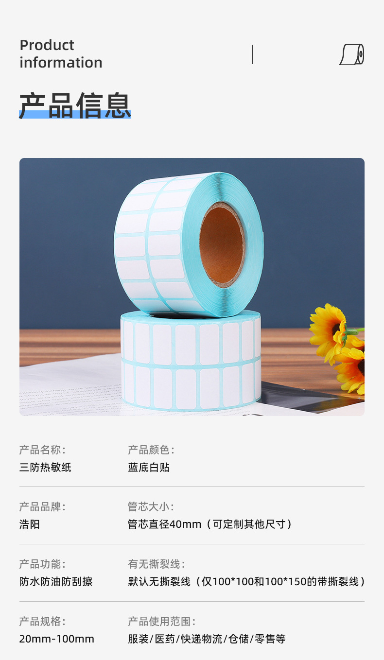 三防热敏纸标签纸不干胶标签贴纸打印纸印刷100 80 50 40 20卷筒
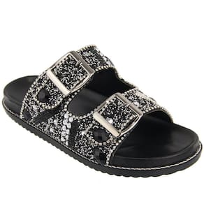 Encontre o equilíbrio perfeito entre estilo, conforto e versatilidade com a nossa extraordinária Sandália Papete Feminina com pedraria. Esta peça essencial do seu guarda-roupa harmoniza moda e funcionalidade, garantindo o máximo conforto para seus pés, em qualquer ocasião. Elaborada com materiais tecnológicos, e um solado flatform em TR resistente, esta sandália proporciona o melhor em cada passo que você dá. Cabedal em pedraria de strass e brilhos.
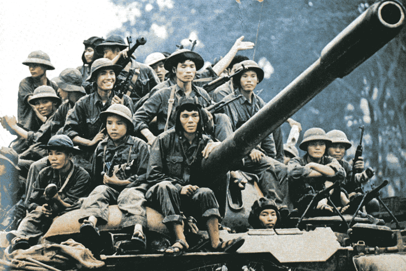 Das war der Anfang vom Ende der Thieu-Streitmacht, am 30. April wird, nach einige letzten Kämpfen im Süden, Saigon befreit. Ein Jahr später kam die Wiedervereinigung, die Sozialistische Republik Vietnam (SRV) entsteht. Die militärische Leitung dieses letzten siegreichen Feldzugs, genannt Kampagne Ho Chi Minh, lag bei General Van Tien Dung. Giap war die ganze Zeit in Hanoi und „dirigierte“ sie im Namen der Regierung, in engem Kontakt zum eigentlichen Generalstab, der zuletzt alle paar Tage weiter nach Süden verlegt wurde.18 Erst einige Tage nach dem Sieg kommt er in Begleitung von Le Duan, dem Parteichef, in Saigon an. Schon seit Beginn der 1970er Jahre waren die militärischen Aktivitäten nicht mehr sein eigentliches Arbeitsgebiet – abgesehen von der Verteidigung von Hanoi und anderen Städten im Norden gegen die Bombenangriffe aus der Luft, die äußerst effektiv war und der US-Luftwaffe empfindliche Verluste zufügte.
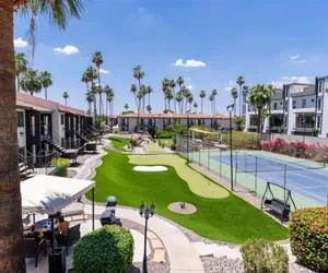 Our community features a gorgeous, large outdoor community space with a fireplace, abundant seating, bocce ball and other outdoor lawn games; 3 grilling stations, heated pool and hot tub, additional seating areas and misters for those warm Arizona days.
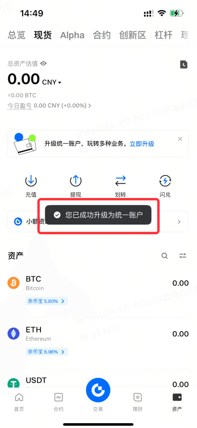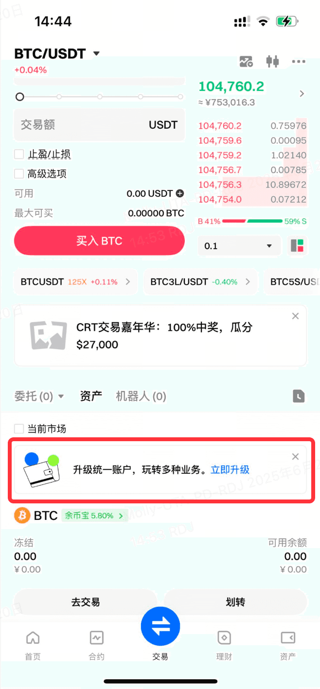 1、现货/合约下单页——点击右上角“…” 然后选择「账户升级」
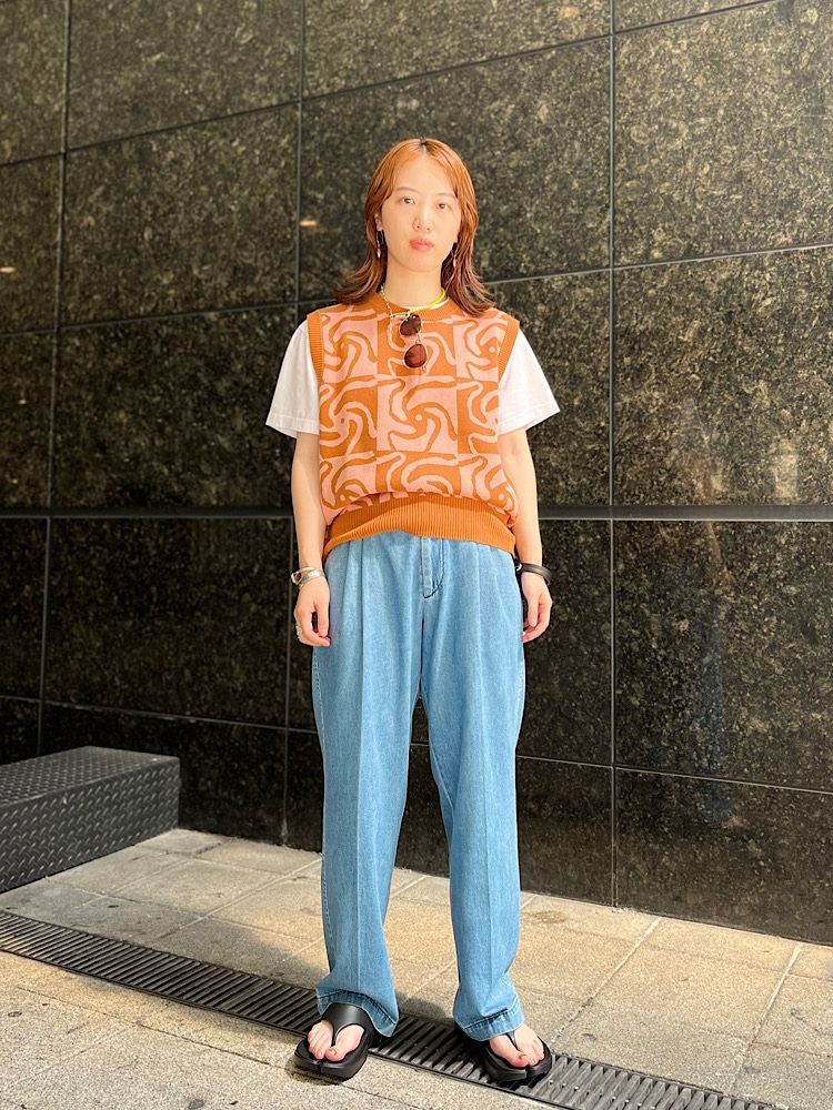 ポイント:メンズのボトムスでゆったりですが、ウィメンズの肩でもツータックでシルエット綺麗に履いて頂けます。
★ ★ ★ ★
▶ Required action
An exact copy is needed of the lines running from the one containing "Das war der" through the last line of the material, and of no others; pictures stay out.

▶ Response to this task
 Das war der Anfang vom Ende der Thieu-Streitmacht, am 30. April wird, nach einige letzten Kämpfen im Süden, Saigon befreit. Ein Jahr später kam die Wiedervereinigung, die Sozialistische Republik Vietnam (SRV) entsteht. Die militärische Leitung dieses letzten siegreichen Feldzugs, genannt Kampagne Ho Chi Minh, lag bei General Van Tien Dung. Giap war die ganze Zeit in Hanoi und „dirigierte“ sie im Namen der Regierung, in engem Kontakt zum eigentlichen Generalstab, der zuletzt alle paar Tage weiter nach Süden verlegt wurde.18 Erst einige Tage nach dem Sieg kommt er in Begleitung von Le Duan, dem Parteichef, in Saigon an. Schon seit Beginn der 1970er Jahre waren die militärischen Aktivitäten nicht mehr sein eigentliches Arbeitsgebiet – abgesehen von der Verteidigung von Hanoi und anderen Städten im Norden gegen die Bombenangriffe aus der Luft, die äußerst effektiv war und der US-Luftwaffe empfindliche Verluste zufügte.
 Our community features a gorgeous, large outdoor community space with a fireplace, abundant seating, bocce ball and other outdoor lawn games; 3 grilling stations, heated pool and hot tub, additional seating areas and misters for those warm Arizona days.
 1、现货/合约下单页——点击右上角“…” 然后选择「账户升级」
 ポイント:メンズのボトムスでゆったりですが、ウィメンズの肩でもツータックでシルエット綺麗に履いて頂けます。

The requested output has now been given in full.